Новые идеи в философии. Сборник номер 3 - Коллектив авторов
Шрифт:
Интервал:
Закладка:
Этими краткими замечаниями мы можем закончить характеристику эмпириокритического миропонимания. Неоспоримо оригинальный и блестящий психолог, Авенариус выступил и на поприще чистой метафизики пытливым новатором. Тем не менее, сопоставляя эмпириокритическую психологию и эмпириокритическое миропонимание, мы находим, что метафизика философии чистого опыта производит все-таки впечатление некоторой недосказанности. Не без основания автор «Свойственного человеку понятия о мире» называл этот свой метафизический трактат непритязательными набросками, которые должны давать читателю не более, чем известное Anregung.
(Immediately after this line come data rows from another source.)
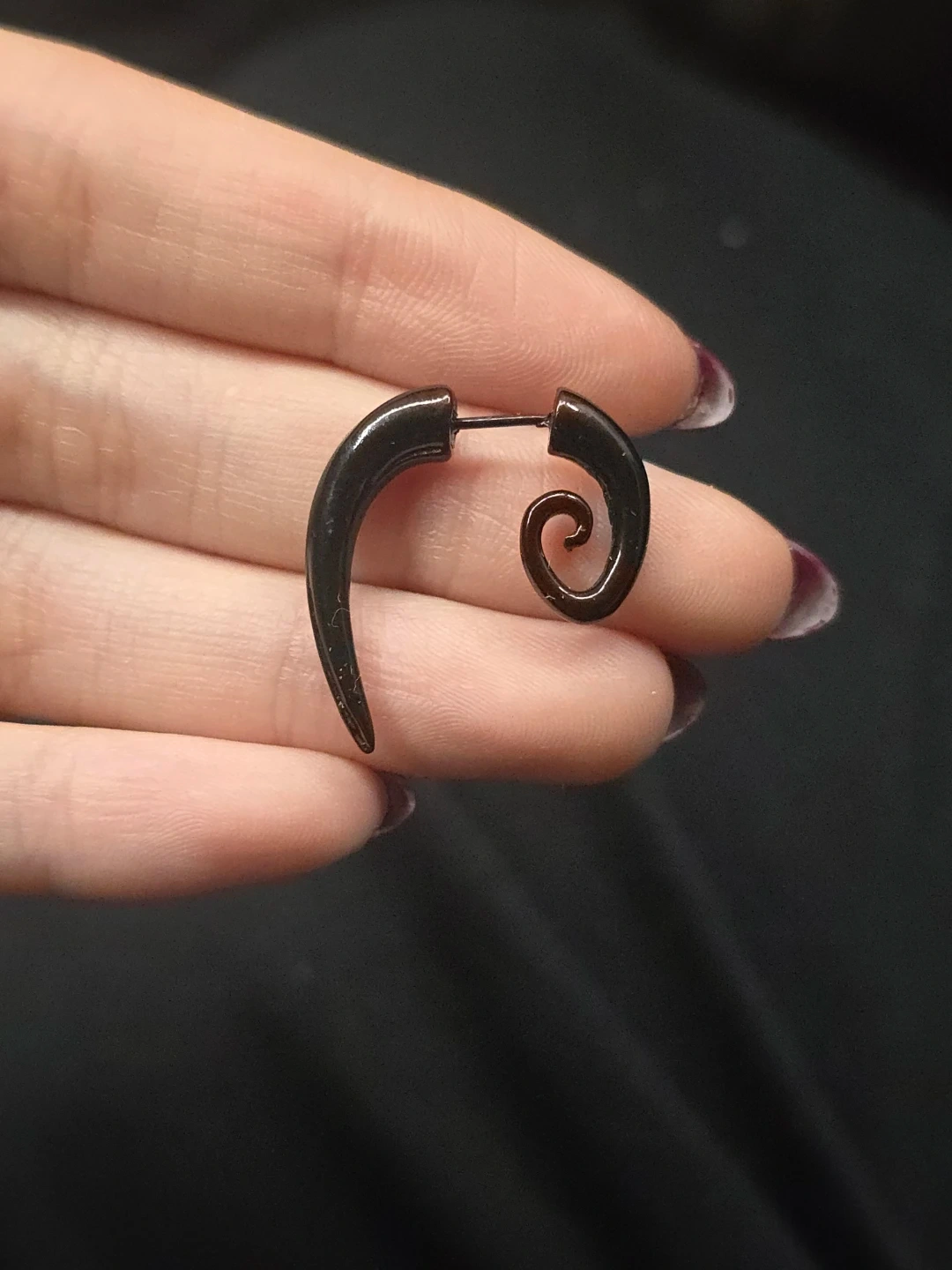 One black spiral piercing. It's a faux plug or stretcher style. Perfect for adding a unique touch to your look!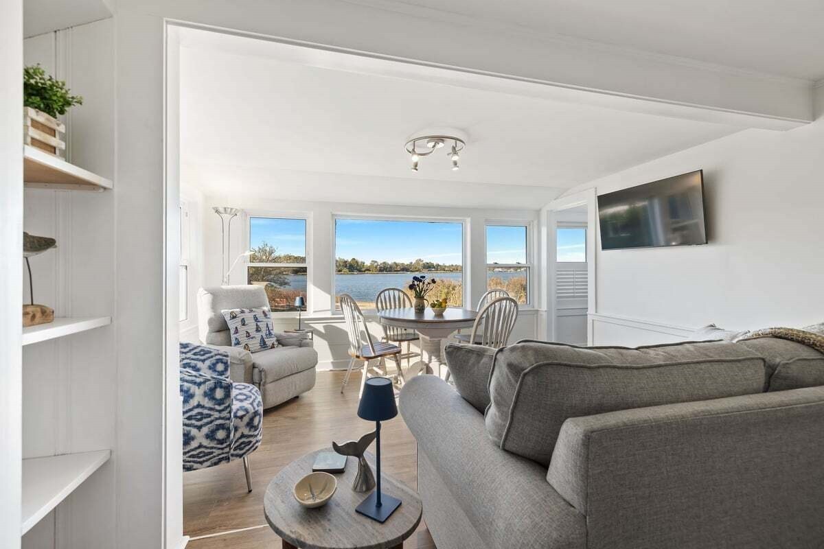 Relax on the couch or dining area while overlooking all the action on Town Cove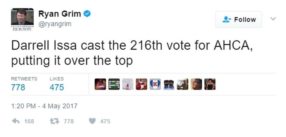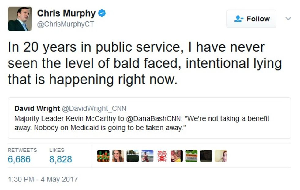 But first, let's start sifting through some of the reactions to the House's vote today to undo Obamacare, the greatest reduction in the uninsured rate in history, all for the sake of winning a great big Fuck You to the black guy who was president. We're just going to go almost at random here, because the internet, as is required after any catastrophe, is blowing up. From Connecticut Democratic Senator Chris Murphy, something we can all agree with: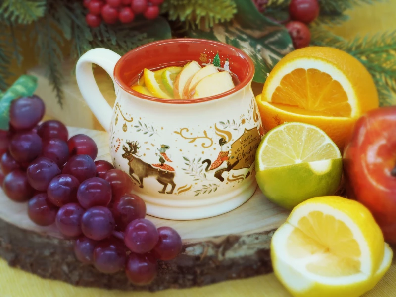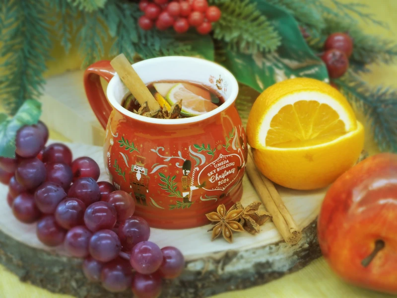 厳選した7種類のスパイスにフレッシュフルーツを合わせた赤ワインベースの自家製グリューワイン、すりおろしリンゴと柑橘系のフルーツを合わせたノンスパイスのホット白ワインの2種類をご用意しております。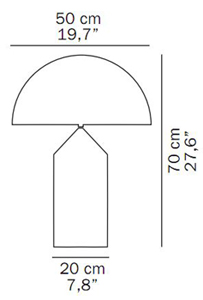 Créée en 1977, la lampe de table Atollo illustre le talent du regretté Vico Magistretti (1920-2006). Ce chantre de la pureté formelle n'avait de cesse d'inventer un design absolu et durable. Atollo raconte l'attirance du grand designer italien pour les volumes géométriques forts et majestueusement équilibrés. Le grand abat-jour (50 cm de diamètre) semble flotter au-dessus de la base conique. Les volumes primitifs et proportionnels sont mis en évidence par la lumière qui opère un jeu de clair-obscur. Atollo se caractérise par une recherche de simplicité : entièrement réalisée en aluminium verni, elle est dénuée de tout détail ou particularité technique : la quintessence du design selon Magistretti pour qui le raffinement s'envisage dans la transparence des lignes. L'oeuvre devient ainsi un élément essentiel de pureté, un modèle de validité permanente. Si cet objet, qui remporta le Compasso d'oro en 1979, s'expose au sein des plus prestigieux musées (MoMA...), il poursuit aussi son destin d'objet contemporain destiné aux intérieurs d'aujourd'hui. Atollo est munie d'un dimmer qui permet de varier l'intensité lumineuse. Se décline en noir et en blanc. Ampoules fournies: max 2x40W E27 LED + 2x10W E14 LED (dimmer).
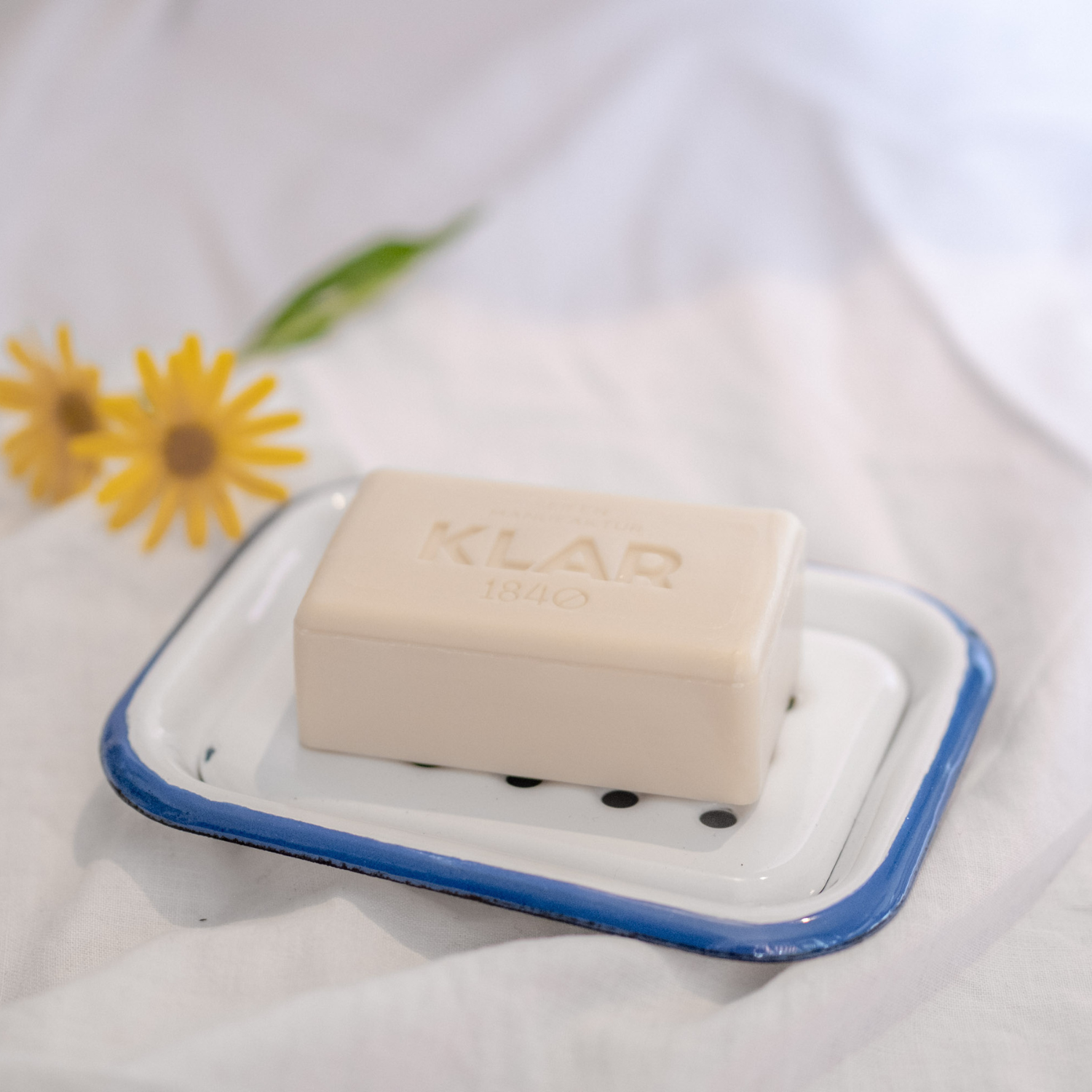 Klar’s Seifenschale aus Email kommt im klassischen Look in weiß-blau und passt in jedes Badezimmer. Das widerstandsfähige Email ist ein besonders langlebiges Material. Dank des integrierten Abtropfgitters weicht die Seife nicht auf.

Формула интроекции может быть критикуема, помимо приведенных выше соображений, с двух точек зрения. Во-первых, в понятии интроекции соединяются столь различные вещи, как тот психологический механизм, который, по гипотезе Авенариуса, вырабатывает дуалистические системы, и все те многочисленные и сложные философская теории, которые подлежат устранению. Позволительно, очевидно, вместе с Авенариусом разделять его скептическое отношение к роковым философским традициям и в то же время не признавать безусловно исчерпывающим даваемого им объяснения интроекционного происхождения их. Во-вторых, формула интроекции имеет слишком общий характер. Проявления интроекции многообразны до такой степени, что они становятся даже необозримыми. Широта понятия интроекции обратно пропорциональна его определенности. Деструктивной части своей метафизики Авенариус уделил, к сожалению, гораздо больше внимания, чем реконструктивной. Предприняв реконструкцию естественного понятия о мире, Авенариус наметил скорее только контуры будущего сооружения. Сторонникам научно-философского мышления Авенариус оставил благодарную задачу продвинуть вперед начатое им восстановление естественного понятия о мире и показать, в какой мере оно работоспособно.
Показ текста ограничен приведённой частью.